Dem Ethikrat gehören aktuell bis zu 25 Mitglieder an, welche „naturwissenschaftliche, medizinische, theologische, philosophische, soziale, rechtliche, ökologische und ökonomische Belange repräsentieren und vom Bundeskanzler auf vier Jahre berufen werden“ und zu monatlichen Sitzungen zusammentreffen. Diese Mitglieder lassen sich auf Grund ihrer fachlichen Kompetenzen grob den Bereichen Theologie/ Philosophie, Rechts- und Wirtschaftswissenschaften und Medizin /Biologie/ Naturwissenschaften zuordnen. Die Arbeitsweise des Ethikrates ist in seiner Geschäftsordnung festgeschrieben.

Kompetenzen

Bislang besitzt der Ethikrat (noch) keinerlei Kompetenzen, das bedeutet, ihm kommt einzig und allein beratende Funktion zu. Seine Arbeitsfelder sind jedoch relativ vielfältig. Einmal im Monat tritt er zu Sitzungen zusammen, er gibt Informationsbriefe heraus und gibt Studien in Auftrag. Des Weiteren richtet er verschiedene Veranstaltungen aus, darunter Foren, Sitzungen, Anhörungen usw. Als wichtigstes Produkt seiner Arbeit können jedoch seine Stellungnahmen gelten, die er zu bestimmten Themen herausgibt. Zudem erscheinen einmal jährlich Tätigkeitsberichte zur Arbeit des Ethikrates.

Künftige Gestalt

Aktuell steht ein Gesetzesentwurf im Raum, der vorsieht, den Ethikrat, der künftig „Deutscher Ethikrat“ heißen soll, auf eine gesetzliche Grundlage zu stellen, und damit als reguläres staatliches Organ zu etablieren.

Das Gesetz soll im Herbst verabschiedet werden und ab dem 1. Juli 2007 in Kraft treten. Der Ethikrat soll künftig aus 24 Mitgliedern bestehen. Er soll weiterhin Wissenschaftler und sachverständige Persönlichkeiten repräsentieren, sowie den medizinischen, juristischen, ethischen und theologischen Sachverstand der jeweiligen Bereiche (wie bisher). Aktive Politiker sollen auch dem künftigen Ethikrat nicht angehören dürfen. Der Auftrag, die Tätigkeitsfelder und die Arbeitsweise sollen erhalten bleiben. Der Deutsche Ethikrat soll auch in Zukunft als unabhängiger Sachverständigenrat den Dialog über ethische Fragen in den Lebenswissenschaften fortsetzen und die gesellschaftliche Debatte fördern. Der Ethikrat soll sowohl seine Themen selbst auswählen, aber auch Anfragen aus Bundestag und Bundesregierung aufgreifen. (vgl.: Infobrief des NER vom August 2006)
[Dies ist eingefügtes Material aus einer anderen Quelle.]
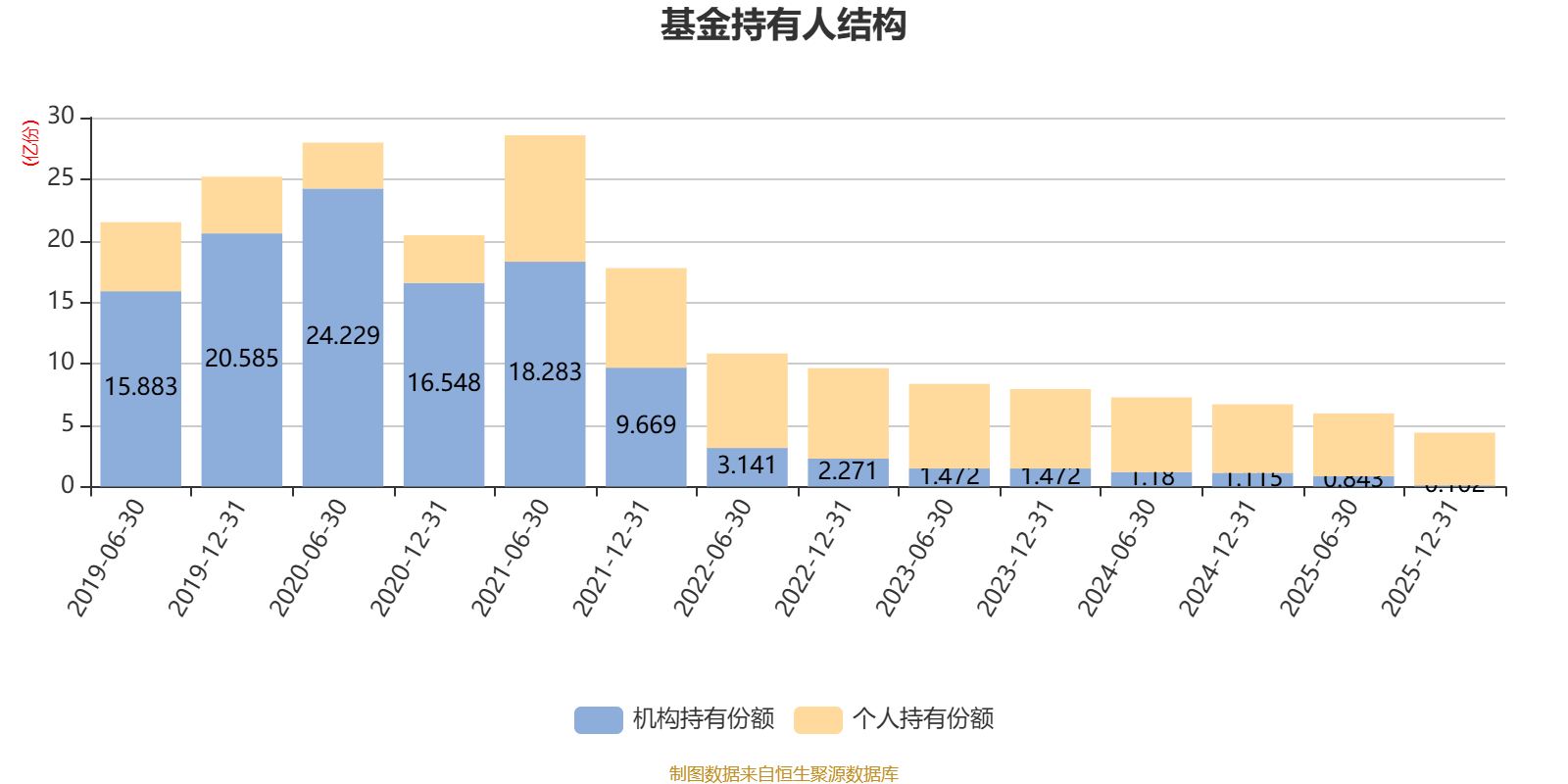 截至2025年12月31日,基金持有人共计5.41万户,合计持有4.39亿份。其中管理人员工持有113.72万份,占比0.26%,机构持有份额占比2.33%,个人投资者占比97.67%。

Die 24 ehrenamtlich tätigen Mitglieder sollen durch den Präsidenten des Deutschen Bundestages auf Vorschlag, zur einen Hälfte des Bundestages, zur anderen Hälfte auf Vorschlag der Bundesregierung ernannt werden. Organisatorisch und inhaltlich werden die Mitglieder durch eine Geschäftsstelle unterstützt, die beim Deutschen Bundestag angesiedelt ist. Die Kosten des Rats und der Geschäftsstellen in Höhe von 2 Millionen Euro jährlich trägt der Bund. (online-Veröffentlichung der Bundesregierung vom 12.07.2006)

Durch die Schaffung einer gesetzlichen Grundlage, soll der Ethikrat vor allen Dingen demokratisch legitimiert und fest institutionalisiert werden. Doch dazu später mehr.

(vgl.: Pressemitteilung des Bundesministeriums für Bildung und Forschung vom 12. Juli 2006)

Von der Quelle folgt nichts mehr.